The politics of land ownership in the Negev

The conflict over land ownership and property rights in the Negev has intensified in recent years, as the Beduin population has undergone rapid growth.

A Beduin man rides a horse in al-Arakib 311 (R) (photo credit: REUTERS/Amir Cohen)
A Beduin man rides a horse in al-Arakib 311 (R)
(photo credit: REUTERS/Amir Cohen)
The opening session of the annual workshop of the Department of Middle Eastern Studies at Ben-Gurion University taking place this week focused on the complex issue of the law and politics of land rights and property among the Beduin in Israel.
The theme of the session fitted well with the overall topic of the conference, looking at socio-legal aspects of the transition from tradition to modernity within the Middle East. Nothing is as complex in the transition from traditional to modern patterns of behavior as is the issue of land ownership, not least because of the contested nature of land between the state (in this case Israel) and indigenous population groups (in this case the Beduin of the Negev region).

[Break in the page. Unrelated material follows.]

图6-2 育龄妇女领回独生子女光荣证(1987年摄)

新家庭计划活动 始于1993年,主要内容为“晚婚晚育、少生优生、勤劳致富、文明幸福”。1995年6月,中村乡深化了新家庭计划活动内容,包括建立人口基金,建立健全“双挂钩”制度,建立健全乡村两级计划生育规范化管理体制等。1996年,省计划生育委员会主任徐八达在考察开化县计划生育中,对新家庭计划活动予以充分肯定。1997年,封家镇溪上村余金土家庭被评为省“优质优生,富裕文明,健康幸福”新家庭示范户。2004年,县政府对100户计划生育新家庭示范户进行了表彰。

The lecturers at the opening session were as much part of the political confrontation as they were part of the academic debate concerning land rights. They had been involved in the recent High Court cases concerning the right of the state to forcefully move some of the Beduin out of the unrecognized villages, arguing that the land in question belonged to the state and not to the indigenous population who are, in the eyes of the state, no more than illegal squatters.

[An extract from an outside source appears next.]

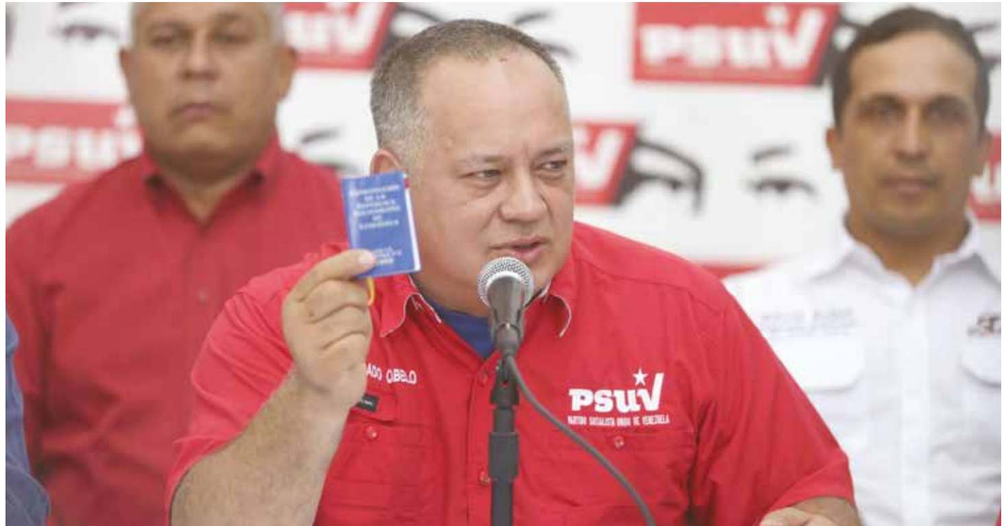
El vicepresidente del PSUV instó a aplicar todo el peso de la ley a los terroristas.

"Que dice la Ley Orgánica contra la delincuencia organizada y financiamiento al terrorismo: 'Aquel acto intencionado que por su naturaleza o su contexto pueda perjudicar gravemente un país... cometido con el fin de intimidar gravemente a una población, obligar indebidamente a los gobiernos a realizar actos o abstenerse de hacerlo, o desestabilizar gravemente o destruir las estructuras políticas fundamentales constitucionales económicas o sociales de un país...' 'por eso nosotros decimos que no son guarimberos, son terroristas' señaló Cabello.
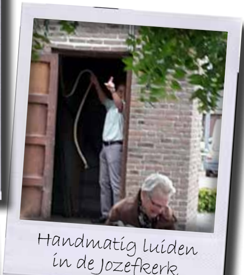
Handmatig luiden in de Jozefkerk

The state argues that this land does not have a long history of residence or cultivation, and that the rapid expansion of Beduin villages has been a recent phenomenon, by which the Beduin have squatted on land previously uninhabited. For the Beduin, the argument is that these areas have long belonged to the local tribes and that the deed of possession has mostly been passed on through oral histories, given the fact that no formal legal title deeds were ever drawn up in these regions.

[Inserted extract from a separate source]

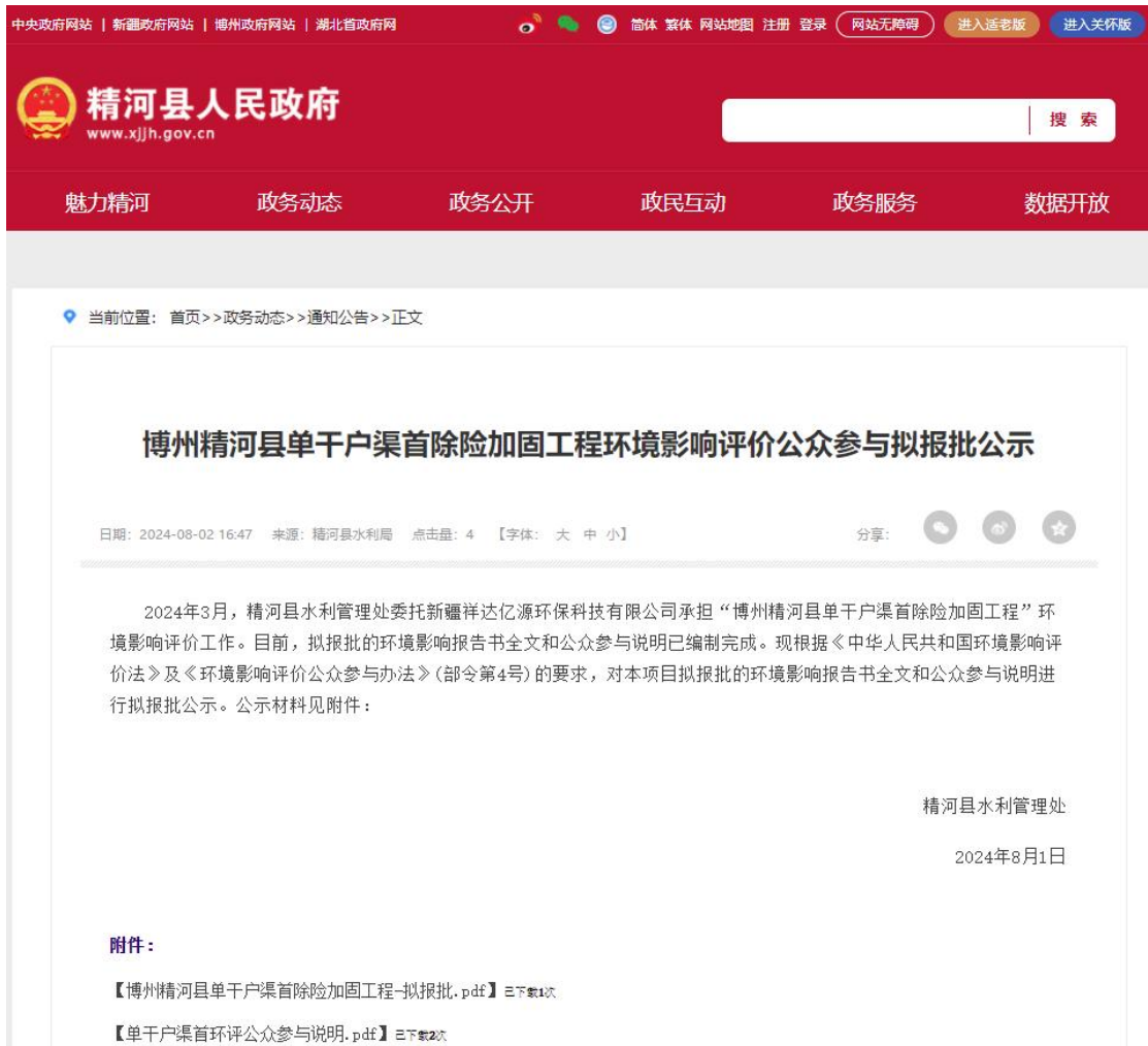
图 6 本项目拟报批网络公示截图

The High Court in its ruling two months ago decided in favor of the state, arguing that the Beduin did not have any legal rights to the land in question, and that the state had the right to evacuate the illegal settlements and use the land for whatever purposes the planning authorities deemed necessary. For many, this was seen as being just one more political decision in a long series of rulings in similar cases, where the Beduin have failed to win their cases against the state.
Both the academic debate and the court cases have turned into a battle of the geographers, with many professional geographers using their expertise to present their knowledge of land ownership and property rights, past and present, before the government commissions.
Historical documents and narratives, oral histories, land registration deeds (to the extent that any exist), air photos and old maps have all become part of the documentary evidence.
Of particular note has been the confrontation between two of the country’s most senior geographers, Professor Ruth Kark of the Hebrew University and Professor Oren Yiftachel from Ben-Gurion University, the former a historical geographer, appearing on behalf of the state, the latter a political geographer and also the chairperson of the B’tzelem human rights organization, appearing on behalf of the Beduin appellants.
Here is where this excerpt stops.